What does your EDGE or Mini's report for MoCA "TX power estimate"? MoCA gear has built-in power adjustment functionality, and the attenuation associated with passing the MoCA signal through the TA's pass-through port is surely making the MoCA gear work harder than it needs to, and risks connectivity issues were you to expand the coax network, potentially putting the node-to-node loss above allowed specs (58 dB).


----------



## almoney (Jan 5, 2008)

krkaufman said:


> Sure, but you likely have a simple setup.
> 
> What does your EDGE or Mini's report for MoCA "TX power estimate"? MoCA gear has built-in power adjustment functionality, and the attenuation associated with passing the MoCA signal through the TA's pass-through port is surely making the MoCA gear work harder than it needs to, and risks connectivity issues were you to expand the coax network, potentially putting the node-to-node loss above allowed specs (58 dB).


Thank you for your interest. I have had no issues for years with MoCA bridging. Info from the EDGE:








I had to turn off encryption to re-establish the network.


































Sent from my iPhone using Tapatalk


----------



## krkaufman (Nov 25, 2003)

almoney said:


> I have had no issues for years with MoCA bridging. Info from the EDGE:


With TX power at 2dB, you're near the max amplification of 3dB, along the lines of what was expected. (i.e. MoCA gear having to work harder to maintain a connection.) FWIW, the power adjustment range is -30 to +3 dB.



almoney said:


> I had to turn off encryption to re-establish the network.


Yeah, that seems to be an issue with the EDGE's MoCA hardware/software.


----------



## southerndoc (Apr 5, 2003)

Reviving an old thread after purchasing a new Edge (even bit the bullet and bought another Mini for my office on top of the 7 I already have). Three of my Minis are connected via MoCA, 2 via WiFi, and the rest via ethernet. 

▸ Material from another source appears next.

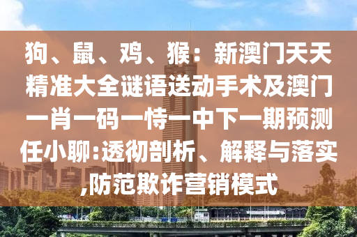 狗、鼠、雞、猴:新澳門天天精準(zhǔn)大全謎語送動手術(shù)及澳門一肖一碼一恃一中下一期預(yù)測任小聊:透徹剖析、解釋與落實,防范欺詐營銷模式
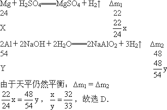 在托盘天平的两个托盘上各放一个质量相等的烧杯,使天平平衡,在烧杯中分别放入等质量的硫酸溶液和NaOH溶液(均为足量).向H2SO4溶液中加入镁粉,向NaOH溶液中加入铝粉,若使天平继续保持平衡,加入镁粉和铝粉的质量比为 | |

I tried turning on encryption, but one of them will not connect to my Edge. I think it's the older Mini model because I have an RF adapter on it for the remote control (talk about old!).

Reading this thread shows that encryption is probably the cause.

Out of curiosity, does encryption offer any benefits in a residential environment with a filter going to the outside?

What would be the optimum channel to use? There are no other MoCA networks in my house.


----------



## dianebrat (Jul 6, 2002)

southerndoc said:


> Out of curiosity, does encryption offer any benefits in a residential environment with a filter going to the outside?


Zero benefits, you can turn it off without risk unless someone inside the house wants to attack the network


----------



## southerndoc (Apr 5, 2003)

dianebrat said:


> Zero benefits, you can turn it off without risk unless someone inside the house wants to attack the network


Any thoughts on channel selection?


----------



## dianebrat (Jul 6, 2002)

southerndoc said:


> Any thoughts on channel selection?


It shouldn't matter, default should be fine


----------